Raging Bull in a China Shop
Day 29 of A Year of War and Peace
An investment in anger will put you in the red. Coriolanus’s stock still hasn’t improved since Plutarch compared him unfavorably to Alcibiades in terms of his control of that seething emotion. And even in Shakespeare’s play about the raging Roman general a character reflects that “anger’s my meat, I sup upon myself/ And so shall starve with feeding.”
Even so, Nikolai Rostov remains bullish about the market.
Today’s chapter starts innocently enough for our friend Rostov. We see that he’s settled in nicely to the war campaign as part of the Pavlograd hussars stationed just outside Braunau. He’s living with a man named Denisov and when he returns to their home early in the morning after a foraging expedition we see, in a worrisome parallel to his profligate father, that he’s a very liberal tipper. But, in terms of character traits, perhaps generosity isn’t so bad, especially in comparison with the anger that consumes him later in the chapter.
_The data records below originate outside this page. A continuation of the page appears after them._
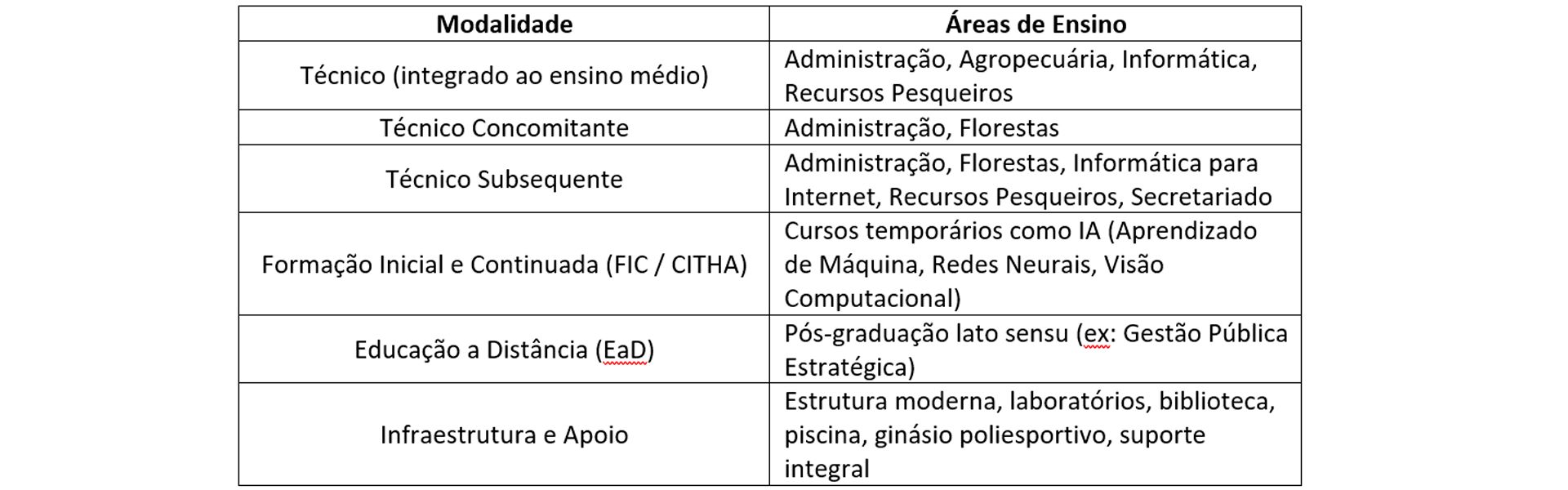 O campus participa do Projeto de Capacitação e Interiorização em Tecnologias Habilitadoras na Amazônia (CITHA), com cursos temporários presenciais voltados para tecnologia e integração ao mercado de trabalho.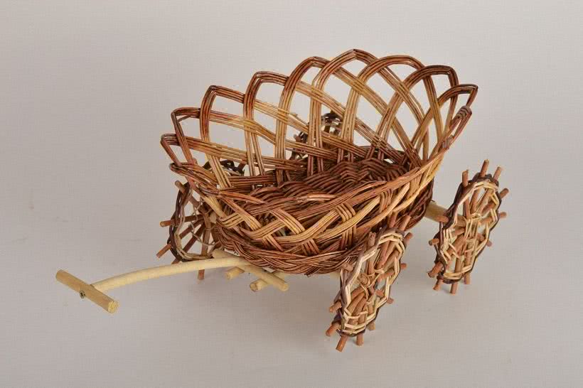 Способов плетения предостаточно, но в них во всех используются основные техники лозоплетения. Новичкам, которые ни разу не занимались подобным ремеслом, стоит посмотреть в интернете видео как плести корзины из ивы. А чтобы изделия получились ровными и красивыми, лучше потренироваться на изготовлении простых предметов – сувениров, горшочков, коробочек.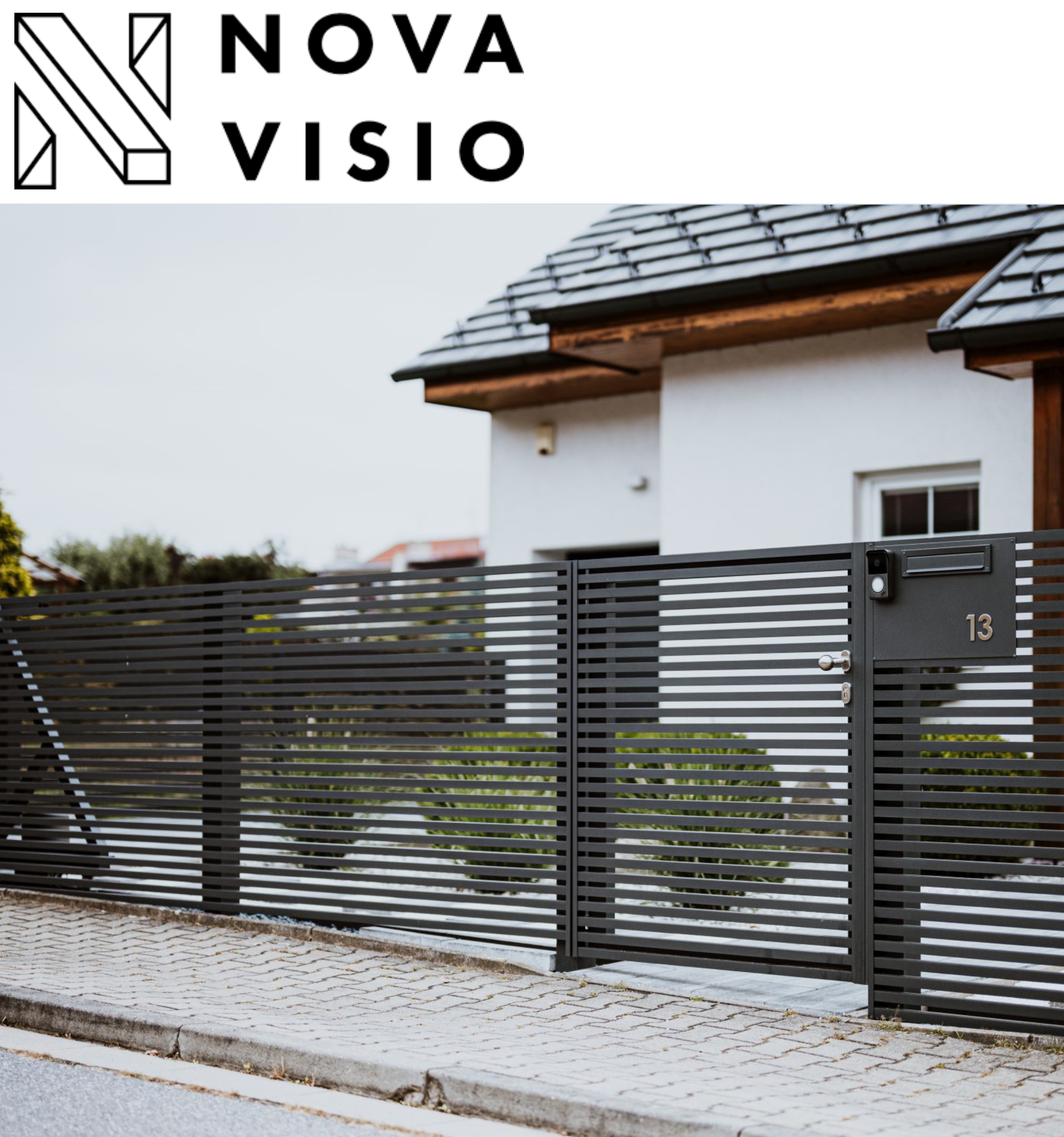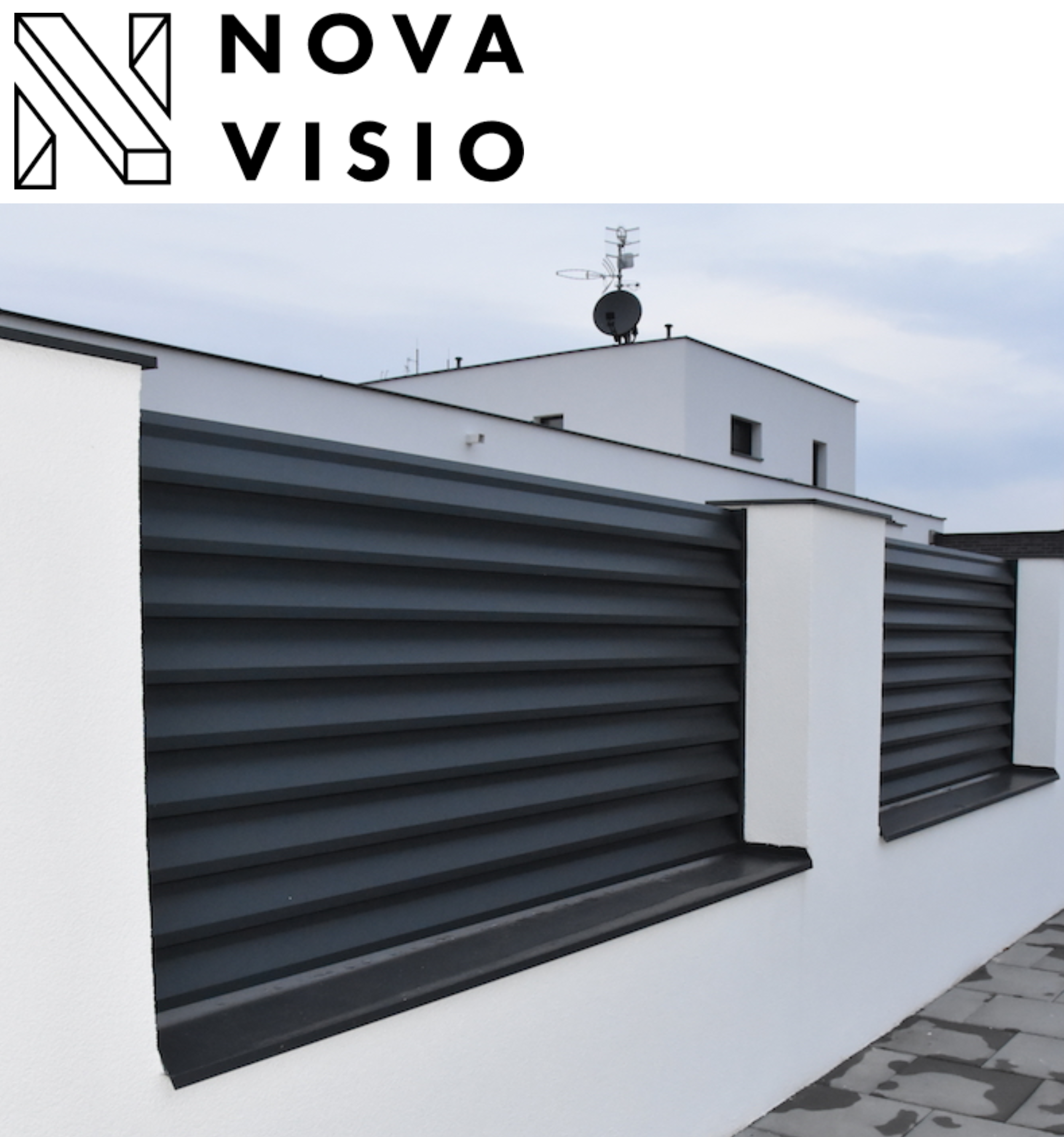 Okenicový plot s označením NOVA je nejprodávanější hliníkový plot v nabídce firmy Novavisio. Hliníková lamela připomíná vzhled venkovních žaluzií, které jsou pro dnešní novostavby velmi oblíbené. Díky tvaru lamely můžete zvolit plot zcela neprůhledný nebo s větší mezerou může být průhledný. Standardně se plot vyrábí v horizontálním uložení lamel, ale lze ho instalovat i s vertikálně uloženými lamelami. Maximální rozměry okenicového plotu jsou až š. 6000 x v. 6000 mm. Podle šířky, výšky nebo celkové plochy používáme různé typy výztuh pro dokonalou pevnost vašeho plotu.

So what is the spark that ignites Rostov’s rage in this chapter? It all starts with Denisov’s purse. Denisov is a gambler on a losing streak. When he sees Telyanin, the squadron quartermaster, approaching Denisov gives his purse to Rostov. He asks Rostov to see how much money he has left in it and then to shove it under the pillow on the bed. Rostov complies.
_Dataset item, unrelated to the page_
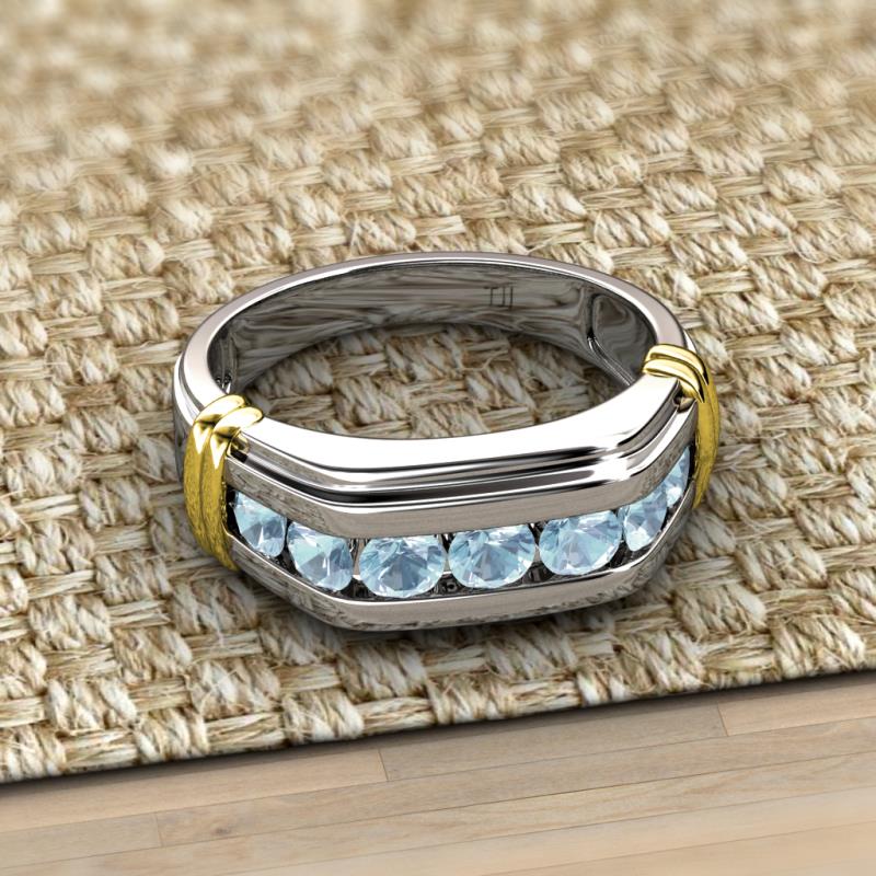 Presenting Aquamarine Channel set Men Wedding Ring in Sterling Silver with Yellow Bars on the side to give Two Tone look. The Yellow Bar on the side is Yellow plated on Sterling Silver, it could wear off with time.

Telyanin hangs out for a bit and proves himself to be a very disagreeable fellow. When he leaves Denisov asks for his purse back. It is nowhere to be found. Rostov realizes that Telyanin must have stolen it. This launches Rostov into an absolute rage. He cannot think. He can barely speak. Against the wishes of Denisov, he leaves immediately to track down Telyanin, a superior, and confront him about the missing purse.
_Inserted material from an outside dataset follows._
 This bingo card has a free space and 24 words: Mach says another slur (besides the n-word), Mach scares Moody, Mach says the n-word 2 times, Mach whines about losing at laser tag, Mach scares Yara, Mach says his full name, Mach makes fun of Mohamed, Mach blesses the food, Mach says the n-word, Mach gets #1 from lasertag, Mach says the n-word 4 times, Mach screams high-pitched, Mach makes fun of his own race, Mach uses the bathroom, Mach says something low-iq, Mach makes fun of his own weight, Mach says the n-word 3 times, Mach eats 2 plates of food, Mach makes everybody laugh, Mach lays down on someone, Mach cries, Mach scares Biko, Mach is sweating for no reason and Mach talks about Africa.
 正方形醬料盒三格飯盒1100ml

Rostov locates Telyanin eating supper at a restaurant and, in a fit, accuses him of stealing the purse and demands it back.
DAILY MEDITATION
Once again we find Rostov unable to resist the delirium of anger. And, once again, this anger causes him problems. He’d be much better served if, upon feeling the first fangs of anger’s bite, he were to slow down and reflect on the following:
[Anger is] is the most hideous and frenzied of all the emotions. For the other emotions have in them some element of peace and calm, while this one is wholly violent and has its being in an onrush of resentment, raging with a most inhuman lust for weapons, blood, and punishment, giving no thought to itself if only it can hurt another, hurling itself upon the very point of the dagger, and eager for revenge though it may drag down the avenger with it.